Things slowed down a little for a few weeks in early June when the Angels were given some time to rest and recuperate, plus integrate badly needed replacements. The division as a whole suffered 18% casualties, higher than most infantry divisions in the PTO; some of General Swing's companies had endured 70% casualties. Their short rest, however, would not last. The Japanese were still waiting in defensive pockets spread throughout Luzon. One of those pockets was centralized in northern Luzon and there was some concern was that the remnants of Japan's 150,000-man "Shobu Group", what was left of General Tomoyuki Yamashita's 14th Army, would make its way north towards the coast where perhaps the Imperial Navy could effect some sort of Dunkirk-like rescue.
As it stood in early June of 1945, Yamashita (seen in the photo to the right) had already begun enacting the abandonment of the Cagayan Valley itself with a withdrawal into the Cordillera Central. The general planned to spread his forces throughout three defensive perimeters around Luzon's fertile Cagayan Valley which, like an inverted triangle, was encircled on the north by the Babuyan Channel, on the west by the impressive Cordillera Central hills and to the east by the Sierra Madre mountain range. Nicknamed the "Tiger of Malaya" and "The Beast of Bataan", Yamashita had deployed the Shobu Group well around the large valley's perimeter that was a natural stronghold full of gorges and razor-backed ridges and mountain tops. To give his men time to gather and stockpile resources from the valley itself, Yamashita was coordinating a slow "war of attrition" rather than decisive actions with forces that consisted of the 19th Division, the bulk of the 23rd Division, and elements of three others: the 103rd and 10th Divisions and the 2nd Tank Division. Both sides knew that the longer the Japanese had to prepare their defenses, the more casualties it would take to reclaim the Cagayan Valley and the surrounding mountains. It would also allow the enemy to stockpile provisions taken from the productive area since the US Navy had cut off all amphibious enemy resupply (although, again, a Dunkirk-like rescue was a concern, though highly unlikely).

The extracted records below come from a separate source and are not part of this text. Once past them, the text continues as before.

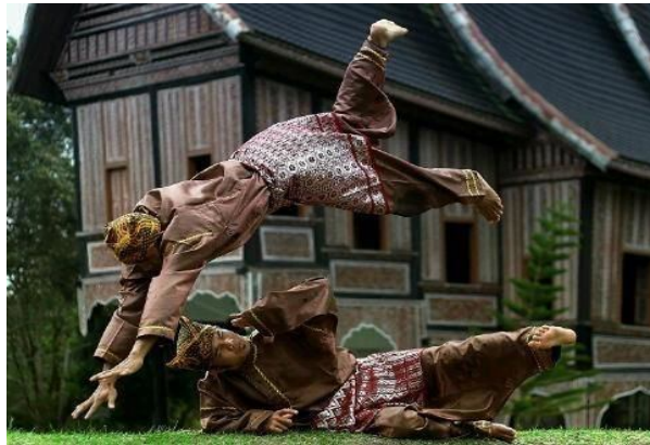
Minangkabau Traditional "Silek"
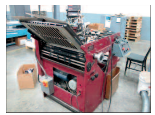
DICK MOLL POCKET FOLD UNIT MODEL MARATHON
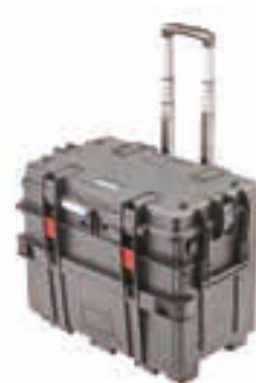
13217 TS IP67
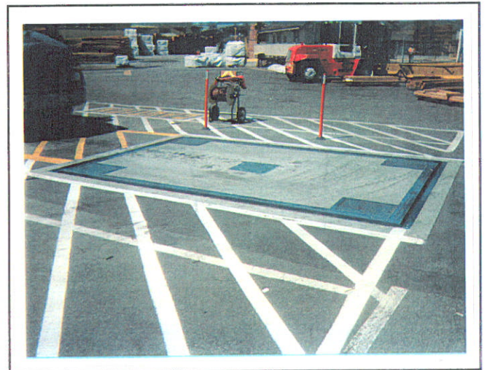
CONCRETE DECK MODEL

And while the Ohio National Guard’s 37th Infantry, the “Ohio/Buckeye Division”, was tasked with attacking up the valley along Route 5, and to the west Brigadier General Charles E. Hurdis' 6th Division blocked any Japanese trying to escape on Highway 4, US Sixth Army's General Walter Krueger wanted to seal the enemy’s potential escape by sea and box them in for elimination or their surrender. To do so, he elected to send in the 11th Airborne Division for an aerial deployment that would close the Cagayan Valley's northern end. General Krueger hoped this Aparri operation would eliminate one of Japan’s last standing armies in the Philippines and move the Allies one step closer to Tokyo.
As such, on June 21, 1945, General Walter Krueger ordered General Swing to prepare to drop a battalion combat team near Aparri on June 23. Codenamed: The Gypsy Task Force.